YOUR ASSIGNMENT: Among the entries below, one stretch runs from the line that contains "本日描いたもの! ホワイトデーにプレゼントを渡す水着マフラー狼獣人さん!! #箱ンサート" through the line that contains "Nos modèles comme". Repeat that stretch exactly, ends included, and only that.

EXTRACTED DATA:

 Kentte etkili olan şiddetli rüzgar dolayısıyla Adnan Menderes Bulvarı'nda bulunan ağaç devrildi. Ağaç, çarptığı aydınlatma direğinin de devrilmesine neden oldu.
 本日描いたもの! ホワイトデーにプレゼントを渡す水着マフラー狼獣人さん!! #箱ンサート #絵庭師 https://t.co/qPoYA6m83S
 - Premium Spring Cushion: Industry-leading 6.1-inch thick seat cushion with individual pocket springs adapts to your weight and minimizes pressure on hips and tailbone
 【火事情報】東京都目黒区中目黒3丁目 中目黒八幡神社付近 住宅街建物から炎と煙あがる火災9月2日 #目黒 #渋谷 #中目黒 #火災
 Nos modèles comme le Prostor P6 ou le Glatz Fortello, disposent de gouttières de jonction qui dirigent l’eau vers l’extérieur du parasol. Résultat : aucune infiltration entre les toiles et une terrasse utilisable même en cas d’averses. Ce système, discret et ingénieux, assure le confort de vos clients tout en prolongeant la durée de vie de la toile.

...

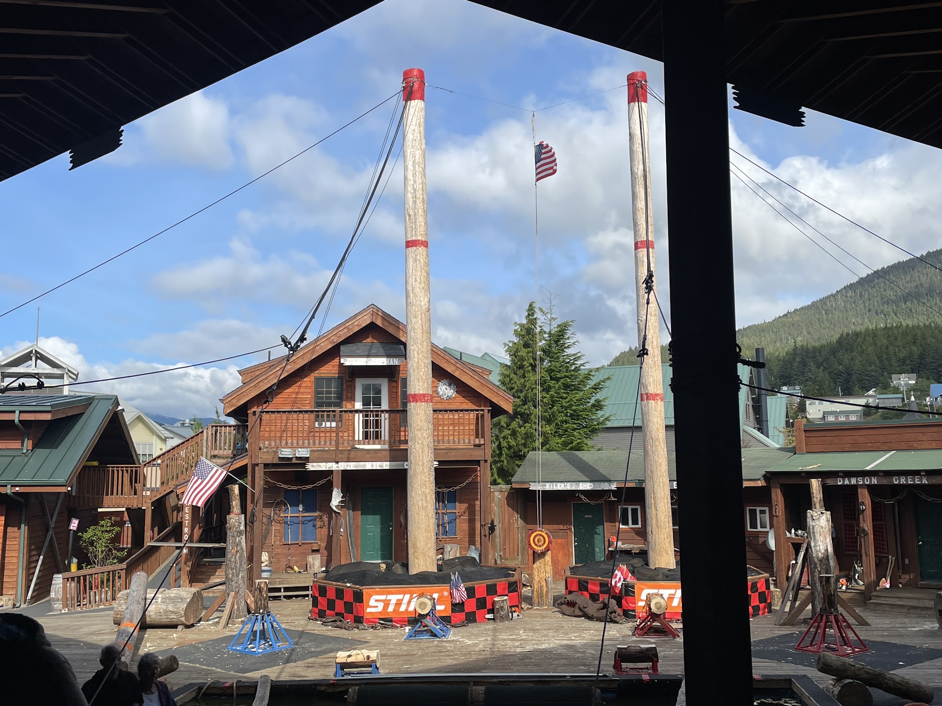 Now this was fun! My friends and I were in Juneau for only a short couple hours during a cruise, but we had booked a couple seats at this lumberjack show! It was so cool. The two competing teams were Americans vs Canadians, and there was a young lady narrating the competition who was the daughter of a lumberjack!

FINISHED EXERCISE:
 本日描いたもの! ホワイトデーにプレゼントを渡す水着マフラー狼獣人さん!! #箱ンサート #絵庭師 https://t.co/qPoYA6m83S
 - Premium Spring Cushion: Industry-leading 6.1-inch thick seat cushion with individual pocket springs adapts to your weight and minimizes pressure on hips and tailbone
 【火事情報】東京都目黒区中目黒3丁目 中目黒八幡神社付近 住宅街建物から炎と煙あがる火災9月2日 #目黒 #渋谷 #中目黒 #火災
 Nos modèles comme le Prostor P6 ou le Glatz Fortello, disposent de gouttières de jonction qui dirigent l’eau vers l’extérieur du parasol. Résultat : aucune infiltration entre les toiles et une terrasse utilisable même en cas d’averses. Ce système, discret et ingénieux, assure le confort de vos clients tout en prolongeant la durée de vie de la toile.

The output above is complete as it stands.